Networking out of natural disasters
Open-source software could transform response to disease outbreaks and natural disasters.
"8 cases suspect avian influenza." "3 in second village." "Suspect AI outbreak in Stung Treng." "Close access to village." "Is school open?" "Does anyone have a car?"
This stream of text messages was sent by health officials, field scientists, police and local villagers. They were testing a social-networking approach to tackling an outbreak during an influenza pandemic planning exercise in Stung Treng Province, Cambodia, last October.
They were helping to test and refine GeoChat, one of a suite of three open-source software tools designed to help respond better and faster to disease outbreaks and natural disasters.
The software was unveiled last week by InSTEDD (Innovative Support to Emergencies, Diseases and Disasters), a non-profit organization based in Palo Alto, California. The company was founded in 2006 with donations from philanthropic bodies such as Google.org and The Rockefeller Foundation in New York.
The testing exercise was done in cooperation with the Mekong Basin Disease Surveillance network, an intergovernmental scheme created in 1999 to share outbreak and disease data by the six countries bordering the region, Cambodia, China, Laos, Myanmar, Thailand and Vietnam.
InSTEDD is also putting the system through its paces with the US Centres for Disease Control and Prevention in Atlanta, Georgia, and HIV clinics in rural Tanzania.
Coordinating the response
"InSTEDD didn't start by assuming a certain piece of technology was the solution. They listened to the needs on the ground, to the requirements, capacities and infrastructure limitations, and then went back to the lab and designed targeted, useful tools," says Karl Brown, an associate director of the Rockefeller Foundation.
The software has been designed, for example, to work in areas where Internet connections are poor or non existent, but where network access via mobile phones is often available, says Taha Kass-Hout, InSTEDD's director of global public health and informatics. The software has also been designed to plug into, and to be compatible with, whatever databases and computer systems users already have.
The potential of electronic networking for disaster response has been demonstrated repeatedly since the 2004 Indian Ocean tsunami, when blogs quickly became the main way to coordinate damage assessment, relief and volunteers. But official disaster-response bodies are often organized along hierarchical command and control chains, says Kass-Hout, and have been slow to embrace community Web and mobile tools.
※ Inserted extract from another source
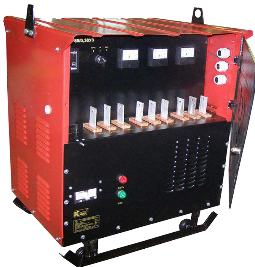
Рис.1 Общий вид трансформатора

1.6. Изделие предназначено для подключения только к промышленным сетям. Подключение к сетям бытовых помещений не допускается.

When Hurricane Katrina hit New Orleans a year later, the slow and uncoordinated government response was put to shame by volunteer civilians who used Google Earth, Google Maps, text messages and other electronic methods to swiftly track down missing people, coordinate shelters and distribute aid.
Seeing the big picture
The goal of the new software, says Kass-Hout, is to get faster and more coordinated responses to disease outbreaks and natural disasters. To do this, GeoChat enables team members to communicate their position and important information using text messages, email or a web browser, with data instantly synchronized on every team members' mobile phone or laptops.
The second tool in the InSTEDD suite, Mesh4X, helps to overcome another problem. The various government, military and relief agencies at a disaster scene often use incompatible technology, which can impede data sharing and cooperation.
Mesh4X can swap data seamlessly between different databases and software. So, for example, disease case reports, or a request for blankets and food, can be filed by fieldworkers using a mobile phone or other device, with all their data being instantly shared across participating groups irrespective of whether their own database system is Microsoft Access, Oracle, MySQL, or spreadsheets such as Microsoft Excel.
The last tool of the trio, Evolve, provides automated data mining and visualization to help make sense of the flood of information from relief operations. Like an RSS reader — only more sophisticated — Evolve automatically aggregates and sorts related information from field and media reports, emails, hotlines, surveillance and other data streams.
The output can be shared across agencies, to help decision-makers spot, and respond to, crucial events such as an expanding cluster of cases of respiratory illnesses, or villages identified as most in need of aid during an earthquake.
InSTEDD is helping to strengthen cooperation among the many organizations taking part in the Mekong Basin project, says Yin Myo Aye, who is based in Bangkok, and is regional coordinator of the Mekong region for the web and email-based disease reporting system ProMED.
InSTEDD can make a great contribution to no-hassle information sharing, says Firoz Verjee, a researcher at the Institute for Crisis, Disaster, and Risk Management at George Washington University in Washington DC.
But, he says, technology alone is not enough. Major improvements will only come when humanitarian operations adopt universal information policies and practices including a more sophisticated take on how to measure and report humanitarian activity.
Although "today's senior decision-makers with UN and non-UN humanitarian agencies may still be reluctant to wholly commit to technology-based operations", says Verjee, "the next generation of decision-makers will not have that discomfort."